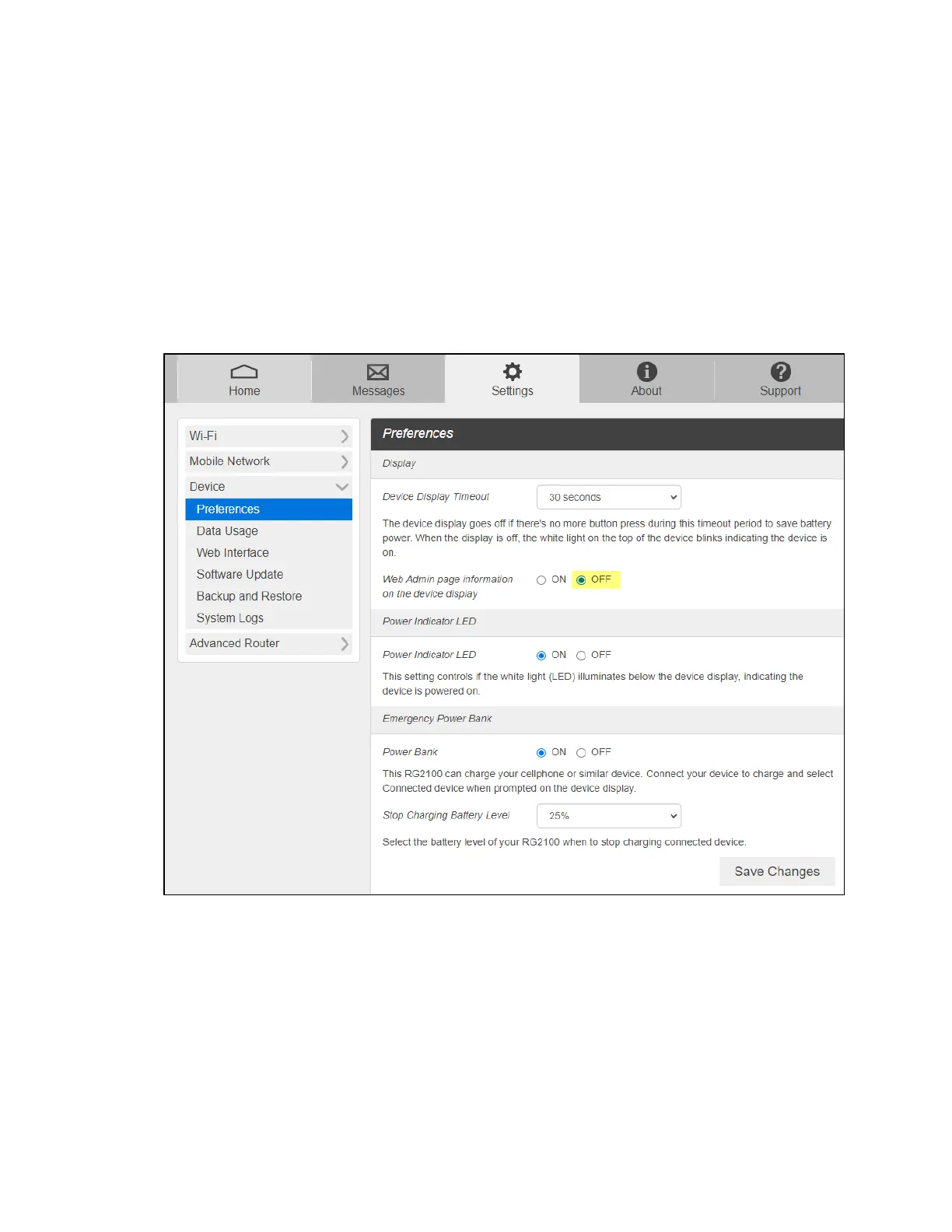 2. Turn OFF the option for “Web Admin page information on the device display”.
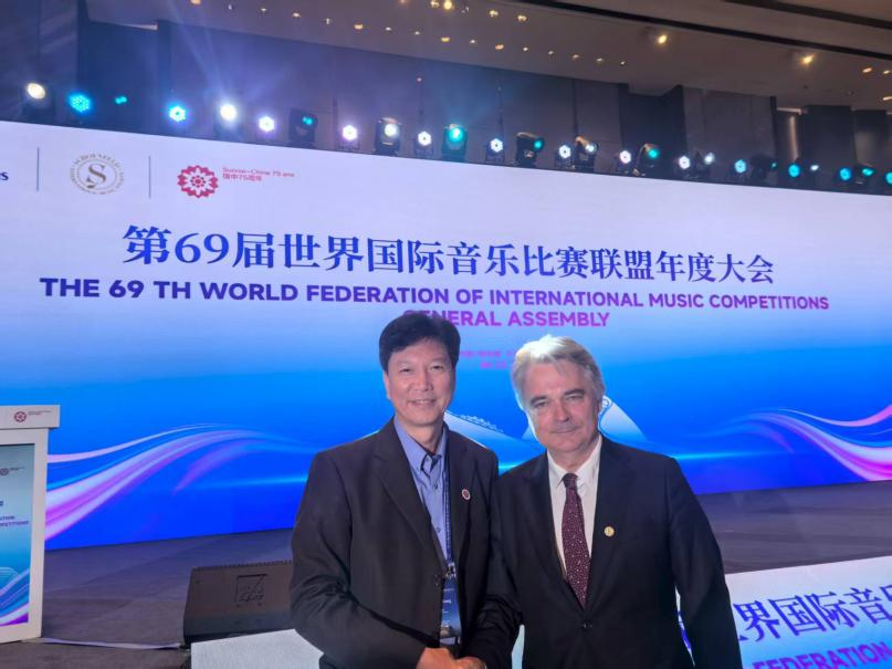 杨茹文与国际音乐比赛联盟主席在会议上的合影
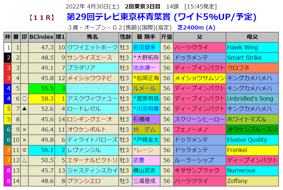 指数1位は芦毛のディープインパクト産駒のアスクヴィヴァユーです。ダノンプラチナの全弟ですから期待できそうですが流石にダート替りでは過去のデータから真っ先に消されてしまうので評価を一つ下げます。指数2位のレヴァンジルを本命にします。短期免許レーン騎手がいきなり重賞を勝つのはよくあることです。
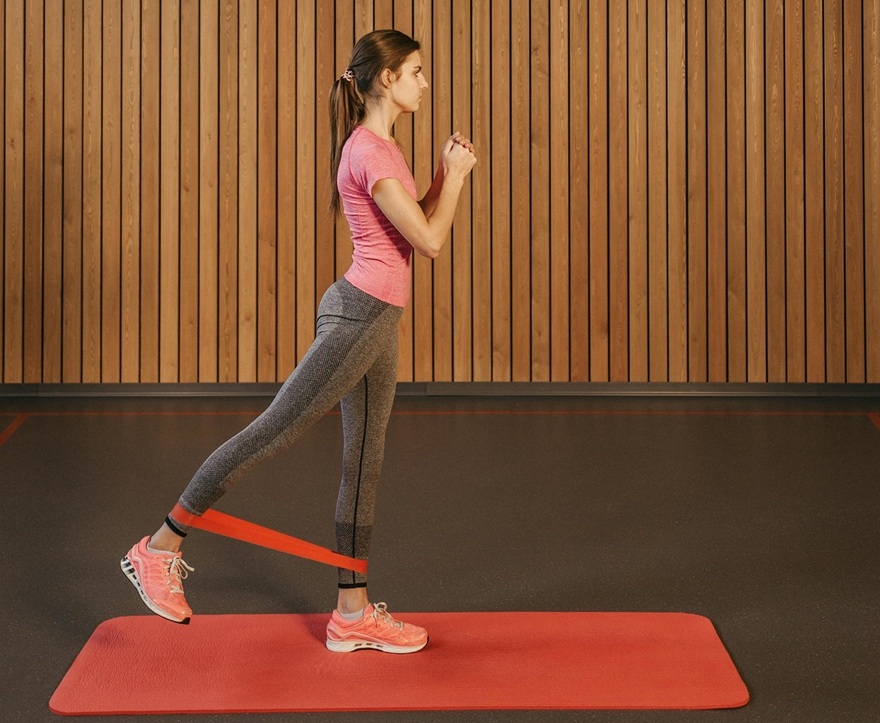 • Coloque uma banda elástica pequena por baixo dos joelhos e afaste os pés ao nível das ancas, com as pernas ligeiramente fletidas;
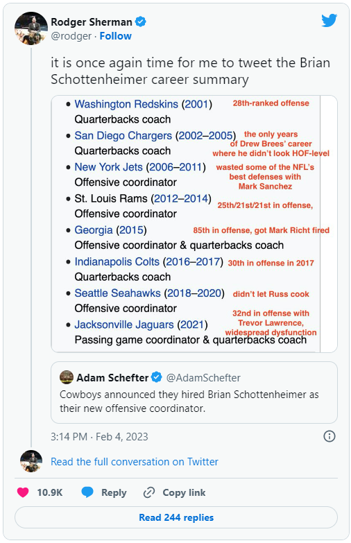 Posted February 5, 20232 yr Super Bowl Talk Posted: February 4th, 2023 | Author: Tommy Lawlor The big game is just over a week away. Something tells me this week will take forever to go by. The good news is that we’ll have plenty of time to talk about the game. Here are some random thoughts bouncing around my head. Coaching Advantage Most people are saying Andy Reid gives KC a coaching advantage. I totally get that argument. Reid is a Hall of Fame coach and he’ll be in his fourth Super Bowl (plus two as an assistant). Nick Sirianni will be in his first Super Bowl. Both guys are outstanding coaches. That said, Reid didn’t exactly shine in his previous Super Bowls. He lost to the Patriots in 2004 and I don’t think anyone would say that was a great performance by him or the Eagles. Reid lost in 2020 when the Bucs beat KC 31-9. The one time Reid did win, KC trailed the Niners 20-10 going into the fourth quarter. Patrick Mahomes came alive late and KC won 31-20. Reid is a great gameplanner and has a ton more Super Bowl experience than Sirianni. When it comes to gameday, we’ll see. Sirianni has been masterful at keeping his team focused. He’s had the right message for them all year long. The Eagles haven’t trailed in the postseason, dominating both games. KC might have the coaching advantage next Sunday, but I don’t think it is as clear cut as most are making it out to be. Up Front Last week I wrote that SF had a good OL and DL. The Eagles were simply better. Well, KC has a good OL and DL. The Eagles are simply better. I don’t know if that will be enough for the Eagles to win the game, but the formula has worked great this season. The OL is the foundation of the run game, which is one of the best in the league. The OL also does a great job in pass protection. Most lines have a specialty. The Eagles are freaks because they are so good in both areas. We got some great news on Jeff Stoutland. There is no salary cap when it comes to coaching. When you have a special coach like Stoutland, pay him big bucks. He’s given the Eagles good OLs for a decade now. He’s developed stars, starters and backups. Keeping him is critical to future success. Jason Kelce and Lane Johnson won’t be here forever. Stoutland will need to develop their successors. Cam Jurgens looks like he will be part of that solution. Stoutland is great because he can teach blocking, but also understands the X’s and O’s of the run game. His college background and time with Chip Kelly have to be important in that side of things. Do you ever get tired of watching OL/run game breakdowns? Special Team There are times when I don’t think any of us appreciates just how good the Eagles are this year. Wow. Those are some crazy numbers. This is a complete team. They can do everything well. Great running game. Outstanding passing attack. Best pass rush in the league. Best pass defense in the league. Solid run defense. There just isn’t a real hole. The run defense was leaky at times, but the addition of Linval Joseph and Ndamukong Suh has helped that. Even special teams ended up being a good unit. I can’t recall such a complete Eagles team. Normally there is one glaring weakness. Howie Roseman did a masterful job in putting the roster together and the coaches have done a great job at getting the most out of the players. Who’s underachieving? Maybe Quez Watkins, the #3 receiver. Special team. Cowboys Update No one cares too much about Dallas right now, but this is too good not to share. They hired Brian Schottenheimer to be their new OC. His resume leaves a little to be desired. Yikes. http://igglesblitz.com/2023/02/super-bowl-talk-3/

Exercise:
Extract every line of the data exactly; pictures stay out.

Response to the exercise:
 2. Turn OFF the option for “Web Admin page information on the device display”.
 杨茹文与国际音乐比赛联盟主席在会议上的合影
 指数1位は芦毛のディープインパクト産駒のアスクヴィヴァユーです。ダノンプラチナの全弟ですから期待できそうですが流石にダート替りでは過去のデータから真っ先に消されてしまうので評価を一つ下げます。指数2位のレヴァンジルを本命にします。短期免許レーン騎手がいきなり重賞を勝つのはよくあることです。
 • Coloque uma banda elástica pequena por baixo dos joelhos e afaste os pés ao nível das ancas, com as pernas ligeiramente fletidas;
 Posted February 5, 20232 yr Super Bowl Talk Posted: February 4th, 2023 | Author: Tommy Lawlor The big game is just over a week away. Something tells me this week will take forever to go by. The good news is that we’ll have plenty of time to talk about the game. Here are some random thoughts bouncing around my head. Coaching Advantage Most people are saying Andy Reid gives KC a coaching advantage. I totally get that argument. Reid is a Hall of Fame coach and he’ll be in his fourth Super Bowl (plus two as an assistant). Nick Sirianni will be in his first Super Bowl. Both guys are outstanding coaches. That said, Reid didn’t exactly shine in his previous Super Bowls. He lost to the Patriots in 2004 and I don’t think anyone would say that was a great performance by him or the Eagles. Reid lost in 2020 when the Bucs beat KC 31-9. The one time Reid did win, KC trailed the Niners 20-10 going into the fourth quarter. Patrick Mahomes came alive late and KC won 31-20. Reid is a great gameplanner and has a ton more Super Bowl experience than Sirianni. When it comes to gameday, we’ll see. Sirianni has been masterful at keeping his team focused. He’s had the right message for them all year long. The Eagles haven’t trailed in the postseason, dominating both games. KC might have the coaching advantage next Sunday, but I don’t think it is as clear cut as most are making it out to be. Up Front Last week I wrote that SF had a good OL and DL. The Eagles were simply better. Well, KC has a good OL and DL. The Eagles are simply better. I don’t know if that will be enough for the Eagles to win the game, but the formula has worked great this season. The OL is the foundation of the run game, which is one of the best in the league. The OL also does a great job in pass protection. Most lines have a specialty. The Eagles are freaks because they are so good in both areas. We got some great news on Jeff Stoutland. There is no salary cap when it comes to coaching. When you have a special coach like Stoutland, pay him big bucks. He’s given the Eagles good OLs for a decade now. He’s developed stars, starters and backups. Keeping him is critical to future success. Jason Kelce and Lane Johnson won’t be here forever. Stoutland will need to develop their successors. Cam Jurgens looks like he will be part of that solution. Stoutland is great because he can teach blocking, but also understands the X’s and O’s of the run game. His college background and time with Chip Kelly have to be important in that side of things. Do you ever get tired of watching OL/run game breakdowns? Special Team There are times when I don’t think any of us appreciates just how good the Eagles are this year. Wow. Those are some crazy numbers. This is a complete team. They can do everything well. Great running game. Outstanding passing attack. Best pass rush in the league. Best pass defense in the league. Solid run defense. There just isn’t a real hole. The run defense was leaky at times, but the addition of Linval Joseph and Ndamukong Suh has helped that. Even special teams ended up being a good unit. I can’t recall such a complete Eagles team. Normally there is one glaring weakness. Howie Roseman did a masterful job in putting the roster together and the coaches have done a great job at getting the most out of the players. Who’s underachieving? Maybe Quez Watkins, the #3 receiver. Special team. Cowboys Update No one cares too much about Dallas right now, but this is too good not to share. They hired Brian Schottenheimer to be their new OC. His resume leaves a little to be desired. Yikes. http://igglesblitz.com/2023/02/super-bowl-talk-3/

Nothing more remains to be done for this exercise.